Samantha Hansen is 10 years old and loves all things science, but she's especially wild about rocks. And when her mom announces a surprise trip to the Grand Canyon, Samantha can hardly believe her luck. The only problem is Samantha's mom makes her promise to control her temper -- a challenge for a headstrong girl with a lot going on. If her bossy big sister doesn't set her off, there are the kids teasing her at school, the pressure to finish her science experiments … and underlying it all, a sadness her whole family has to cope with after her father's death.

Is it any good?

It's easy to draw comparison between Ramona Quimby, the Beverly Cleary heroine, and Samantha Hansen in SAMANTHA HANSEN HAS ROCKS IN HER HEAD. Both girls are fun, fearless, and funny with fussy big sisters. But that's where the comparisons end. Cleary's characters and family life have a transcendent sense of warmth that we don't get in author Nancy Viau's novel.

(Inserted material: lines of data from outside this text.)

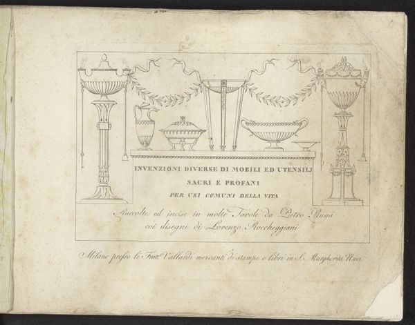 Laurent Guyot created this print, "Vazen en arabesken," using etching, a process where lines are incised into a metal plate with acid, and then filled with ink to transfer the design to paper. The delicate lines and ornate details evoke the luxury and refinement of 18th-century French decorative arts. Notice how Guyot meticulously renders swags of foliage, classical vases, and arabesque patterns, showcasing the skilled craftsmanship valued during this era. This aesthetic was highly sought after by the elite, reflecting their wealth and taste. Prints like these functioned as design resources. Artisans would adapt the designs to create wallpaper, textiles, and furniture. The skilled labor involved in producing these luxury goods highlights the economic structures of the time, where fine craftsmanship was both celebrated and relied upon. By examining the materials, production techniques, and social context of works like this, we gain a deeper understanding of the values and priorities of the past, blurring the lines between art, design, and craft.
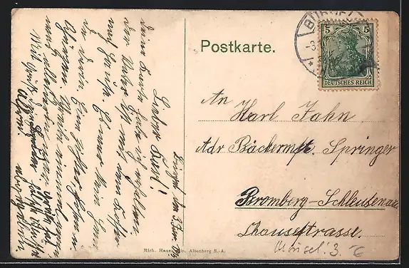 alte Ansichtskarte, gelaufen 1915, Eckknicke li. oben u. re. unten, guter Zustand
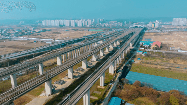 High-speed train on elevated tracks
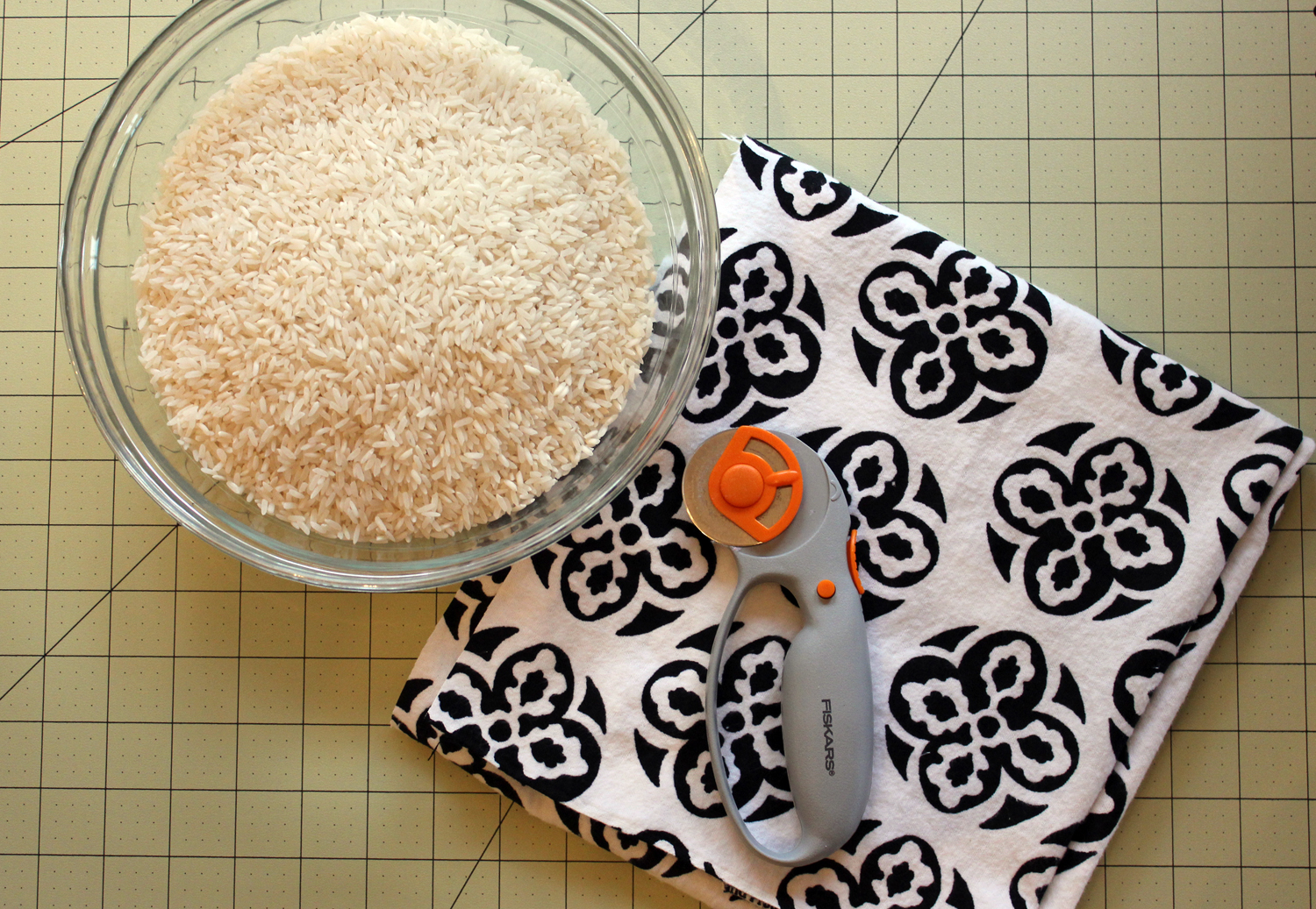 I have used a tube sock before in an emergency when I could not find my rice bag. And used Jasmin rice. It has a wonderful smell that lasts because it is grown into the rice. In the emergency I just tied a knot in the top of the sock.
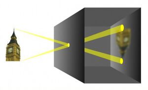 Wenn in einem abgedunkelten Kasten oder Raum Licht durch ein kleines Loch fällt, so müssen sich die Lichtstrahlen von allen Gegenständen außerhalb des Kastens an diesem kleinen Punkt kreuzen. Die Lichtstrahlen werden gebündelt.
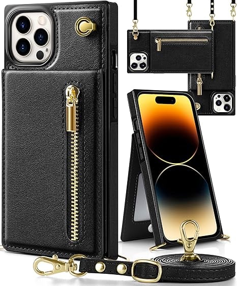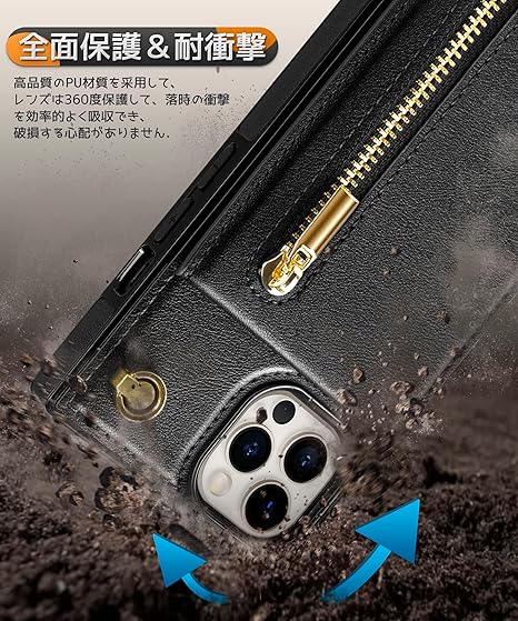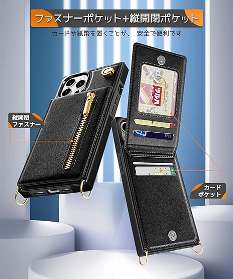 YIHARA iphone 15 Pro ケース手帳型 アイフォン15プロ スマホ ケース 財布型 iPhone 15 Pro 適用 携帯ケース 肩掛け 首かけ 斜めがけ ショルダー アイフォン15 Proケース手帳型 背面 カード収納 ストラップ付き 上下開 長さ調整可能 ブラック a
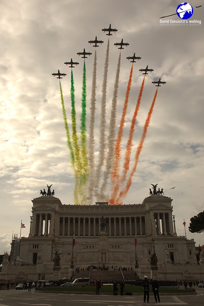 On Mar. 17, 2011, Italy celebrated the 150th Anniversary of its unification as a single state. One of the most important events planned around the country to commemorate the proclamation of the Kingdom of Italy under Victor Emmanuel on Mar. 17, 1861 saw President Giorgio Napolitano and major Italian authorities paying homage to the tomb of the Milite Ignoto (Unknown Soldier) at the Altare della Patria (Altar of the Fatherland) on Piazza Venezia, Rome while the Frecce Tricolori of the Aeronautica Militare streamed green, white and red smoke in the colours of Italy’s flag overhead. Giovanni Maduli took the following pictures of the ceremony.
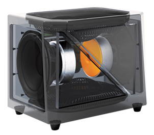 Housed within the gorgeous piano gloss black enclosure are two horizontally-opposed 12? ultra-long-throw active drivers and two vertically-opposed 15? x 13? planar infrasonic radiators, driven by a 1600 watt Class D Digital amplifier. This dual-plane, patented* dynamic inertial-balancing preserves and focuses all the energy produced by the transducers in order to more effectively move the air in the room, rather than wasting energy moving the box. It also enables you to hear all the fine subtle details in your recordings. The benefit is a new achievement in state-of-the-art subwoofer performance that, not only “rocks the house”, as Big Picture Big Sound’s Chris Boylan raved, but is also, “strong, pure and controlled” as Sound&Vision magazine’s Mark Fleischman wrote. With two active drivers separated horizontally in space, as well as two passive radiators separated vertically, the driver to-room coupling is distributed much more smoothly, for in-room bass performance that can’t typically be achieved with a single subwoofer.
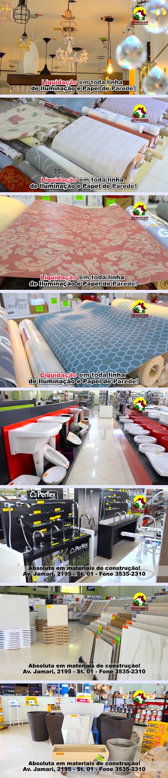 A Renascer também está com uma grande liquidação em toda linha de iluminação e papel de parede para deixar a sua casa ainda mais bonita. Renascer absoluta em materiais para construção. Avenida Jamari n° 2195, Setor 01 telefone 3535-2310.
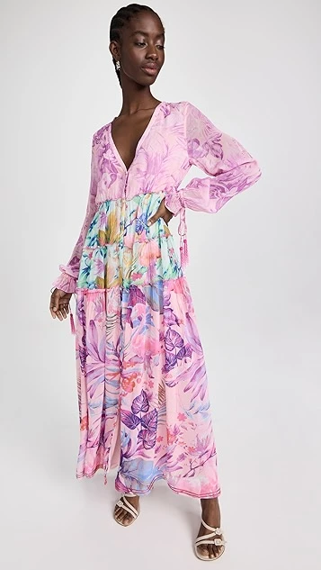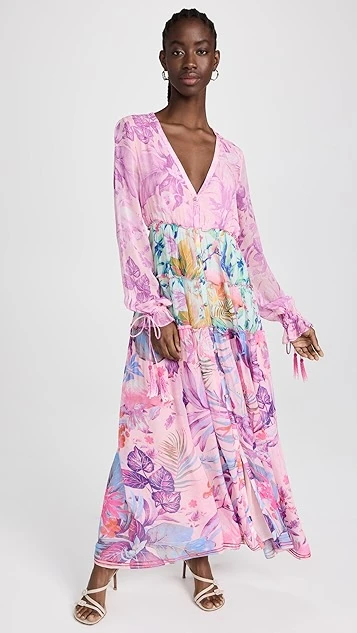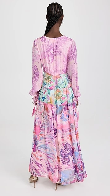 - Long sleeves with drawstring cuffs and beaded tassel ties
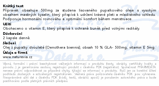 Přípravek obsahuje 500mg za studena lisovaného pupalkového oleje s vysokým obsahem mastných kyselin, který přispívá k udržení krásné pleti a mladistvého vzhledu. Podporuje hormonální rovnováhu a optimální komfort během menstruace.

The family is quirky and they have some wonderful touching moments, but the storytelling doesn't elevate the book to the classic status of Cleary. Where it succeeds is in being a wonderful alternative for girls who aren't the typical marketed-to tween -- specifically the Hannah Montana and Jonas Brothers fanbase. It's also a great opportunity to get girls excited about geology and science in general.

Talk to your kids about ...

  • Families can talk about spending more time together. Where has your family gone on vacation? What is your favorite activity to do together as a family? What new places would you like to explore as a family?